_YOUR GOAL:_ Using the records below, repeat exactly the lines from the one holding "Таблица 1. Скорость" through the one holding "Město Skuteč vás", both ends included, and no others.

_SOURCE INFORMATION:_
Content starts
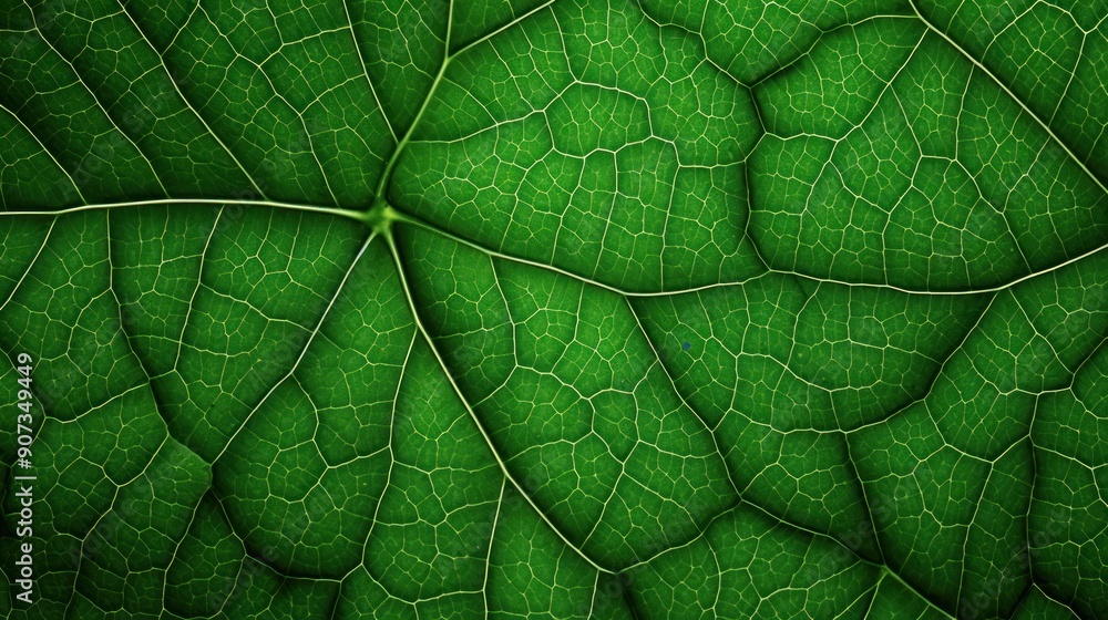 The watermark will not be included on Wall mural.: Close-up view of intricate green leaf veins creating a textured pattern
Content ends
Content starts
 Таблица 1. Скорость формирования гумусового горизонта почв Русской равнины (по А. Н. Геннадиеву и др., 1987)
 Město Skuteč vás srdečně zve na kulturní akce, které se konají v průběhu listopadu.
Content ends
_RESPONSE FOR THIS EXERCISE:_
 Таблица 1. Скорость формирования гумусового горизонта почв Русской равнины (по А. Н. Геннадиеву и др., 1987)
 Město Skuteč vás srdečně zve na kulturní akce, které se konají v průběhu listopadu.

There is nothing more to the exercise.